But she wasn’t the only elected official expunging her correspondence during those history-making days.
L.A. County Supervisor Kathryn Barger, who represents the area devastated by the Eaton fire, also routinely deletes her text messages, her spokesperson said.
“Supervisor Barger’s iPhone auto-delete setting is set to 30 days. She also manually deletes her texts sometimes,” Barger spokesperson Helen Chavez Garcia said last month.
The Times filed a public records request for Barger’s communications with Bass from Jan. 7 through late February. Barger’s office provided no written communications in response, despite Barger having publicly said that she was texting with Bass late into the night on Jan. 7, while Bass was in transit back to the city after a diplomatic trip to Ghana.
The other four supervisors — Lindsey Horvath, Hilda Solis, Holly Mitchell and Janice Hahn — do not use the auto-delete function on their phones, according to their spokespeople.
Chavez Garcia said in an email that there is “no pre-determined method that the Supervisor applies when selecting which messages to manually delete.”
Constance Farrell, a spokesperson for Horvath, said her understanding was that county officials were supposed to retain their text messages for two years to comply with the county’s record retention policy. Horvath’s office released some of her text messages in February after a Times public records request.

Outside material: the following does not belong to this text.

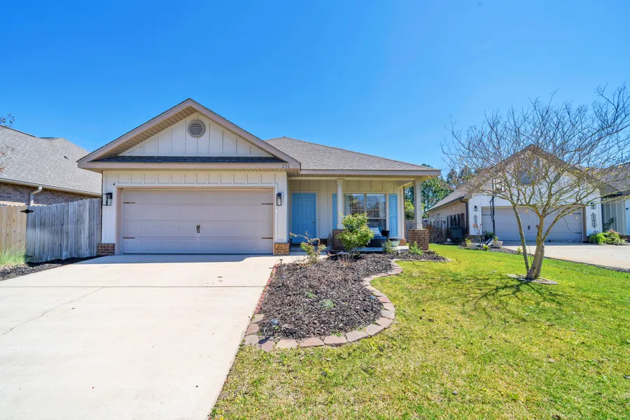 Welcome to this tranquil enclave, where comfort and elegance converge in this inviting three-bed, two-bath home. Nestled within the esteemed community of Whispering Lake, this home offers a haven of serenity amidst meticulously maintained surroundings. Step inside to discover a versatile floor plan boasting a formal dining room or office space, perfect for accommodating your lifestyle needs. The spacious kitchen, overlooking the living area and additional dining space, creates an inviting atmosphere for culinary endeavors and gatherings alike. Retreat to the master bedroom, where a tray ceiling adds a touch of sophistication and an en suite bath beckons with a tiled walk-in shower and indulgent soaking tub. Additional bedrooms, thoughtfully situated within the split floor plan, ensure privacy and comfort for all. Outside, bask in the Florida sunshine within the fenced backyard, which provides a private retreat backing up to a lush preserve. The attached two-car garage offers parking and ample storage space. Conveniently located just minutes from the pristine beaches of the Emerald Coast and the charming boutiques of Santa Rosa Beach and Destin, Whispering Lake presents an ideal setting for families, couples or individuals seeking either a primary residence or a second home. With private streets for walking and biking, this community fosters a sense of tranquility and connectedness, offering a wonderful opportunity to embrace coastal living between the bay and gulf. Whether it's a leisurely bike ride to Ed Walline Beach Access or an adventure to Cessna Landing on Hog Town Bayou, Whispering Dunes promises a lifestyle of ease and enjoyment.

The messages showed the supervisor sparring with Bass during the fires.
The county record retention guidelines make no mention of text messages but say that routine “administrative records” are supposed to be kept for two years.
The board’s executive office said the public record act applies to text messages, though some may be exempt from disclosure.
“Whether a supervisor’s text is a public record depends on whether it is a text regarding the conduct of the peoples’ business,” Steven Hernandez, the chief deputy for the executive office, said in a statement.
According to county policy, employees must sign an agreement every year acknowledging that all electronic communications, such as emails or instant messages, sent on county devices are the property of the county.
Bass previously kept her phone on a 30-day auto-delete setting, far shorter than the two-year retention period outlined in the city’s administrative code.
However, after being pressed by The Times, which had filed public records requests for the mayor’s correspondence during the Palisades fire, Bass’ office said it was able to recover the deleted messages using “specialized technology.”
(The Times sued the city in March over the mayor’s texts. Even though city officials ultimately provided some texts, The Times is contesting the city’s argument that releasing them was not required under state law.)
It also remains unclear whether Los Angeles City Council President Marqueece Harris-Dawson, who was filling in as acting mayor in Bass’ stead when the fires broke out, deleted his text messages from that time period.
After The Times filed a public records request seeking correspondence that Harris-Dawson sent to Bass or received from her between Jan. 6 and Jan. 16, Harris-Dawson’s office said it had “no responsive records.”
Harris-Dawson’s office did not respond to repeated questions over the course of several months about why there was no correspondence and whether it had been deleted.
“It’s very disappointing to see that that practice has spilled over up the street [to the County]. I was hoping it was just L.A. City Hall shenanigans and the absurdities of our two big leaders,” said Unrig LA founder Rob Quan, referring to Bass and Harris-Dawson.
Quan, who leads a transparency-focused good-government advocacy group, said he believed proper recordkeeping from January was all the more important given the historic importance of the fires.